Giorgio Bezzecchi è vice-presidente nazionale dell’Opera Nomadi e da anni lavora per la promozione sociale, politica e culturale dei rom a Milano. La sua famiglia vive in un campo a Milano, il padre è stato deportato in un campo di concentramento, a cui fortunatamente è sopravvissuto. Il nonno, deportato in un altro campo non è sopravvissuto. Domani tutta la sua famiglia sarà fotografata e schedata, conformemente alle attuali decisioni del prefetto che prevedono un rilevamento completo di tutti i rom residenti nel territorio milanese. E’ stato deciso un rilevamento di identità da parte della polizia su base esclusivamente etnica.
Per inviare messaggi di solidarietà è importante scrivere sia all’indirizzo dell’opera nomadi di Milano, sia della cooperativa Romano Drom, di cui Giorgio è presidente.
segreteria@operanomadimilano.org
ROMANDROM@libero.it
Testo della lettera di Giorgio Bezzecchi (Rom-medaglia d’oro al valor civico):
Prossimo intervento differenziale per cittadini Italiani (censimento fotografico e schedatura-Polizia), domani mattina, presso il campo comunale di via Impastato a Milano (famiglie Bezzechi).
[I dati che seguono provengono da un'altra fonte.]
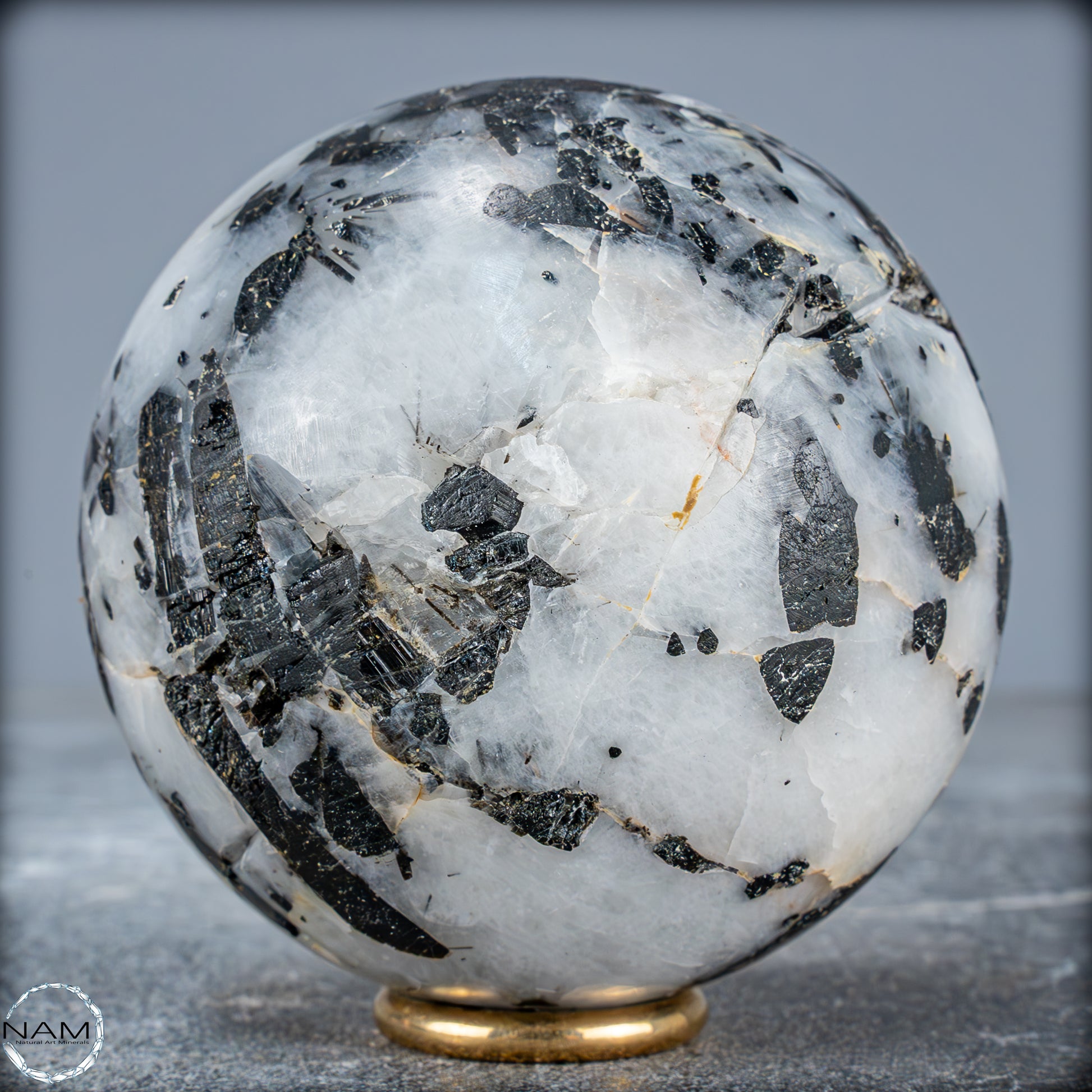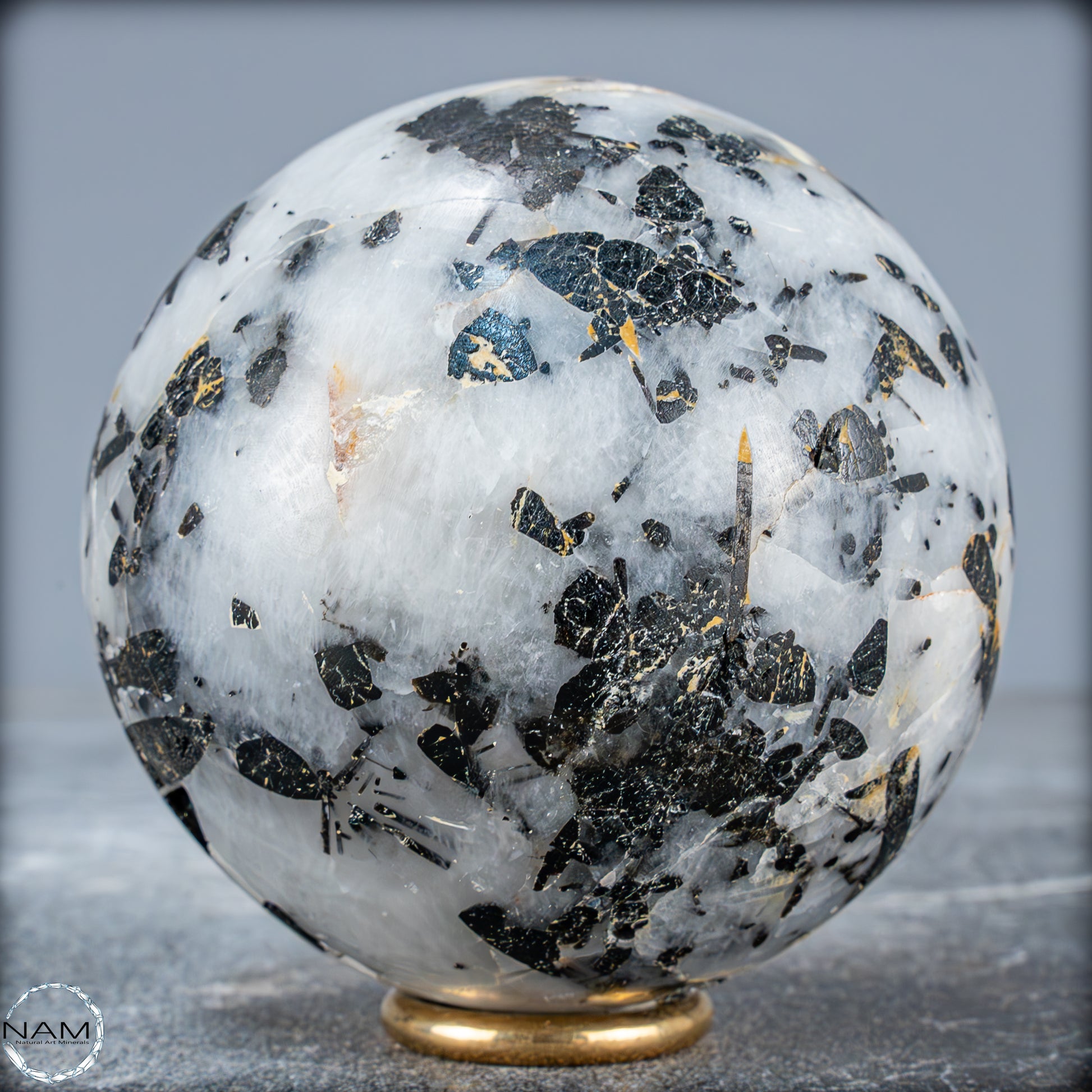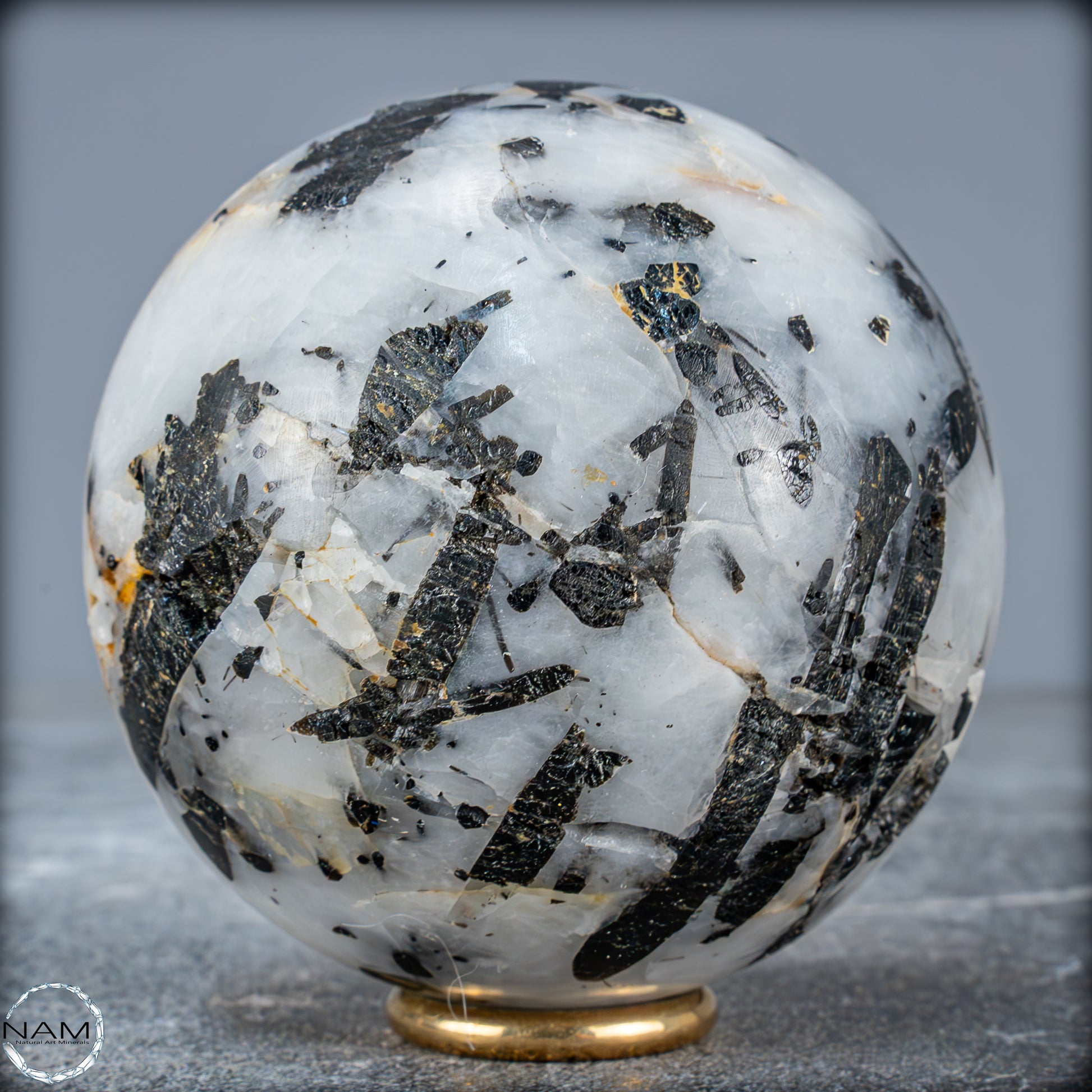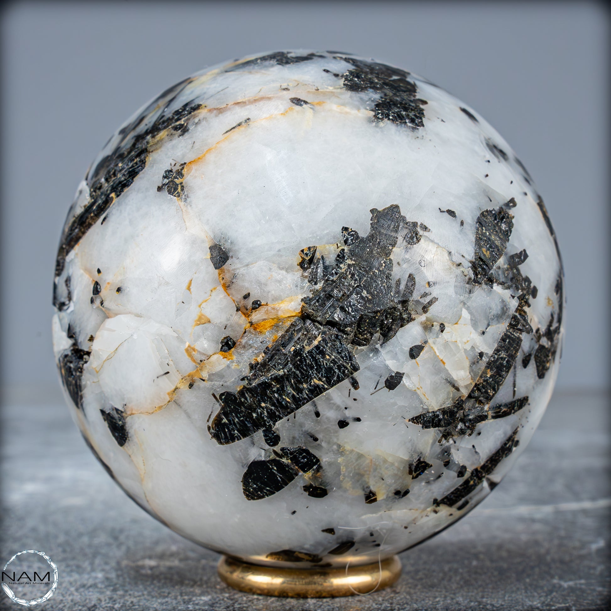 Diese Kugel aus Turmalinquarz zeigt ein kraftvolles Spiel aus Licht und Schatten: Klare, teils wolkig strukturierte Quarzmatrix durchzieht ein kontrastreiches Geflecht aus nadeligen und tafelförmigen schwarzen Turmalin-Einschlüssen (Schorl). Besonders eindrucksvoll sind die langen, parallel verlaufenden Kristalle, die wie eingefrorene Bewegung im Kristall erscheinen – ein faszinierendes Zusammenspiel aus Transparenz und Struktur.

Sono passati sessant’anni dalla promulgazione delle leggi razziali e dalla pubblicazione della rivista “La difesa della razza” di Guido Landra e dei primi rastrellamenti che sfociarono dopo un breve periodo di tempo in un ordine esplicito di “internamento degli zingari italiani” in campi di concentramento (Circ.Bocchini 27/04/41), quei “campi del Duce” di cui in Italia si è preferito perdere la memoria.
“RICORDARE PER NON DIMENTICARE”
Sono passati sessant’anni, ma le preoccupazioni, la percezione del pericolo, I PROVVEDIMENTI PUBBLICI SONO GLI STESSI DI OGGI.
E’ agghiaciante quello che sta avvenendo oggi sotto i nostri occhi, a Milano.
Rimanere in SILENZIO oggi vuol dire essere responsabili dei disastri di domani.
NESSUNA collaborazione di Enti o Associazioni è giustificata (VERGOGNA)……..
Mi appello alla società civile,chiedo un sostegno per le comunità di rom e sinti Milanesi………….voci dal silenzio……..
Ricordo che domani sarà schedato anche mio padre, CITTADINO ITALIANO, che ha patito la persecuzione nazifascista con l’internamento in campo concentrazionale italiano (Tossicia)……………..
mio nonno deportato a Birkenau e uscito dal camino…………….VERGOGNA
MI VERGOGNO, IN QUESTO MOMENTO, DI ESSRE CITTADINO ITALIANO E CRISTIANO……………..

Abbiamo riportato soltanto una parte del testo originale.